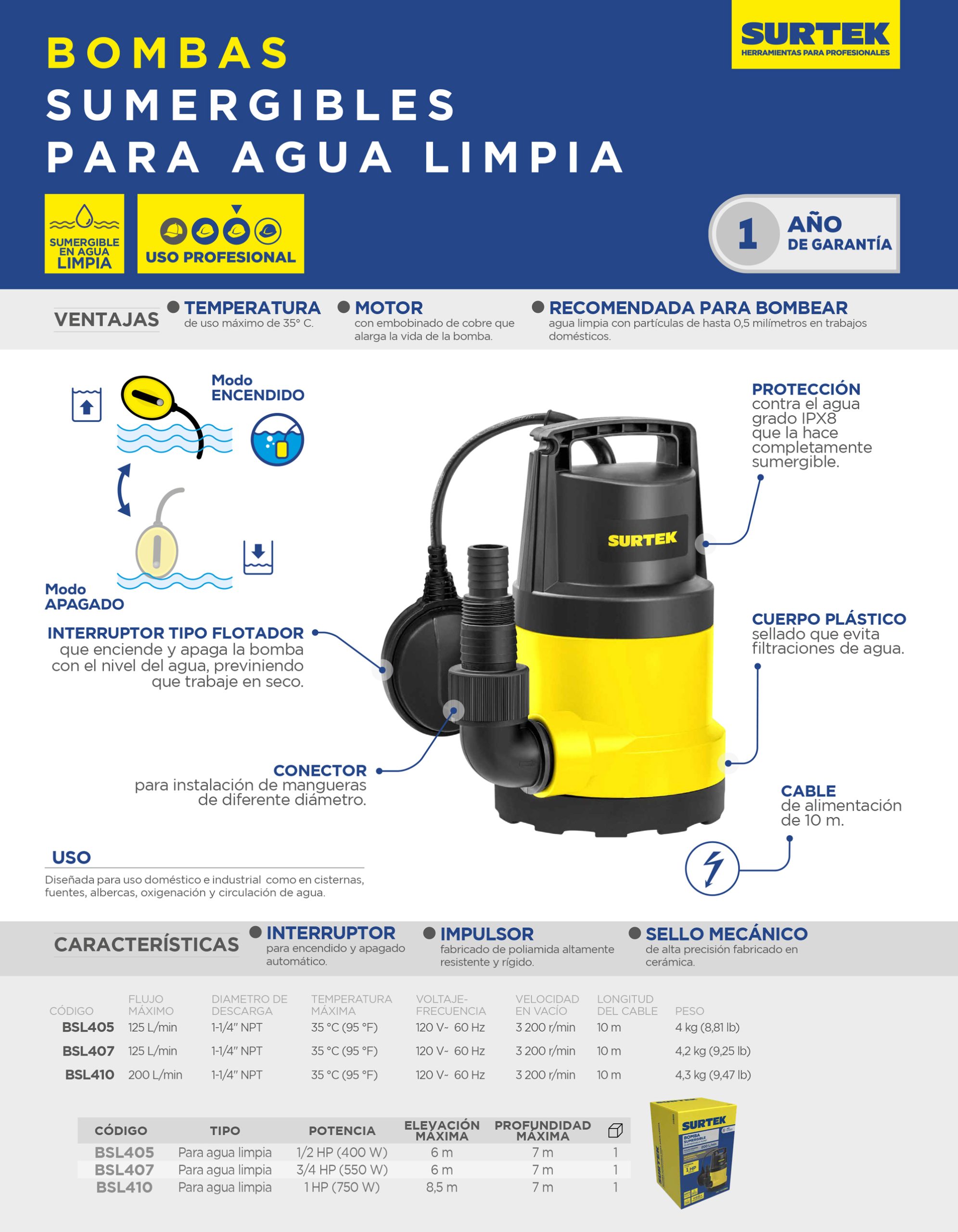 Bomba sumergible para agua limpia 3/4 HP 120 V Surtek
########
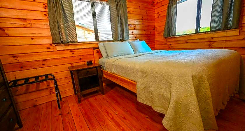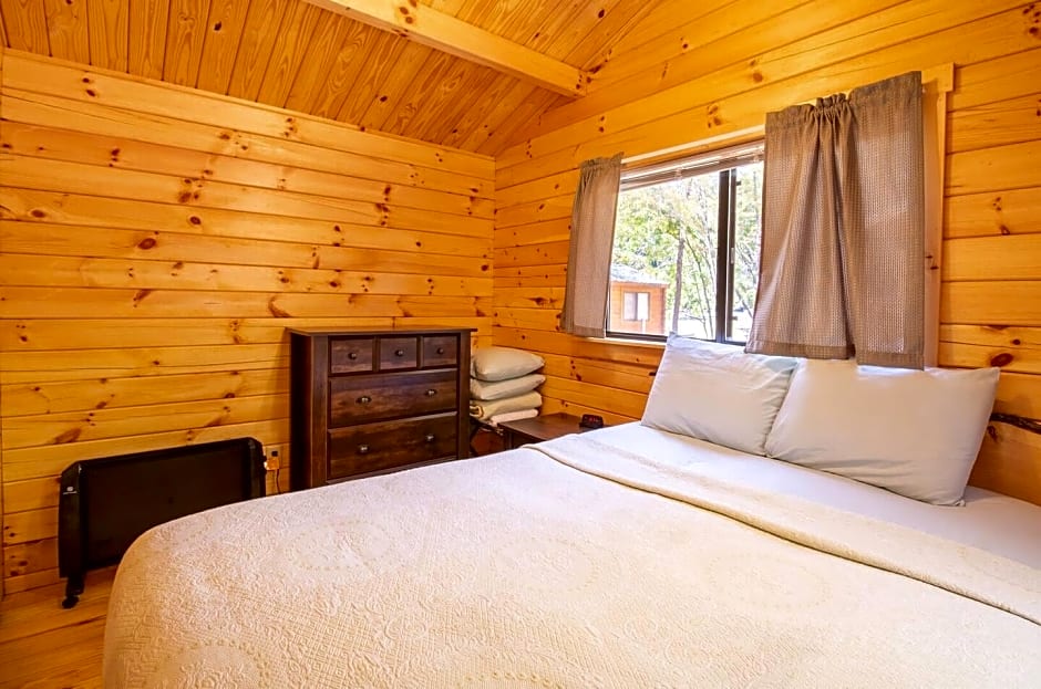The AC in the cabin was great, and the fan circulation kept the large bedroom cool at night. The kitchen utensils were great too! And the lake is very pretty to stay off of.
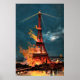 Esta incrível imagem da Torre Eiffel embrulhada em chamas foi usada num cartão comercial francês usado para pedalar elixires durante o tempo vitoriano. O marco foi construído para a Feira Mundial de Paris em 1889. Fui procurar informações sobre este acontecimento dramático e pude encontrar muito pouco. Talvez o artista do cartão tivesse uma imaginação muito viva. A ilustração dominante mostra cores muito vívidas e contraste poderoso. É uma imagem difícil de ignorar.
########
Exercise instructions –
For the entries above, print exactly the lines between the one with "The AC in the" and the one with "Esta incrível imagem", inclusive, with no pictures.

Output of the task –
The AC in the cabin was great, and the fan circulation kept the large bedroom cool at night. The kitchen utensils were great too! And the lake is very pretty to stay off of.
 Esta incrível imagem da Torre Eiffel embrulhada em chamas foi usada num cartão comercial francês usado para pedalar elixires durante o tempo vitoriano. O marco foi construído para a Feira Mundial de Paris em 1889. Fui procurar informações sobre este acontecimento dramático e pude encontrar muito pouco. Talvez o artista do cartão tivesse uma imaginação muito viva. A ilustração dominante mostra cores muito vívidas e contraste poderoso. É uma imagem difícil de ignorar.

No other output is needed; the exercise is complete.